#### Work to be completed:
Drop the images, then output the listing exactly.

#### Exercise data:
▬▬▬▬▬▬▬▬▬▬

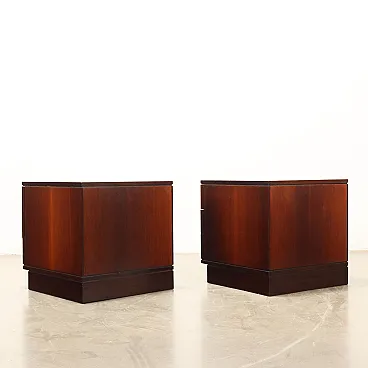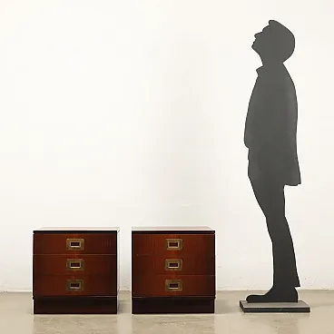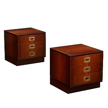 Coppia di comodini in legno e ottone di Ico Parisi, anni '60
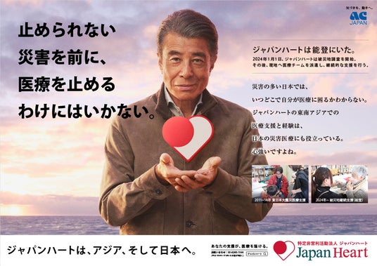 日本発祥の国際医療NGOである特定非営利活動法人ジャパンハート(東京都台東区 理事長:吉岡春菜)は、公益社団法人ACジャパン(東京都中央区 理事長:鳥井信宏)の2025年度支援キャンペーンに採択され、その新たな広告が本日7月1日(火)よりスタートします。
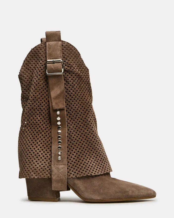 La botte Aubrielle en daim taupe offre une sophistication d’inspiration Style Western avec une silhouette à bout pointu saisissante et un revers spectaculaire. Les clous le long de la tige ajoutent une touche audacieuse et avant-gardiste qui rehausse l’esthétique traditionnelle. Le design structuré allie un style audacieux à une élégance facile à porter, ce qui en fait un choix idéal pour celles qui recherchent une version contemporaine des chaussures Style Western classiques. Parfaites pour les occasions où vous souhaitez vous démarquer ou pour un usage quotidien qui attire l’attention.

▬▬▬▬▬▬▬▬▬▬

#### Solved exercise:
 Coppia di comodini in legno e ottone di Ico Parisi, anni '60
 日本発祥の国際医療NGOである特定非営利活動法人ジャパンハート(東京都台東区 理事長:吉岡春菜)は、公益社団法人ACジャパン(東京都中央区 理事長:鳥井信宏)の2025年度支援キャンペーンに採択され、その新たな広告が本日7月1日(火)よりスタートします。
 La botte Aubrielle en daim taupe offre une sophistication d’inspiration Style Western avec une silhouette à bout pointu saisissante et un revers spectaculaire. Les clous le long de la tige ajoutent une touche audacieuse et avant-gardiste qui rehausse l’esthétique traditionnelle. Le design structuré allie un style audacieux à une élégance facile à porter, ce qui en fait un choix idéal pour celles qui recherchent une version contemporaine des chaussures Style Western classiques. Parfaites pour les occasions où vous souhaitez vous démarquer ou pour un usage quotidien qui attire l’attention.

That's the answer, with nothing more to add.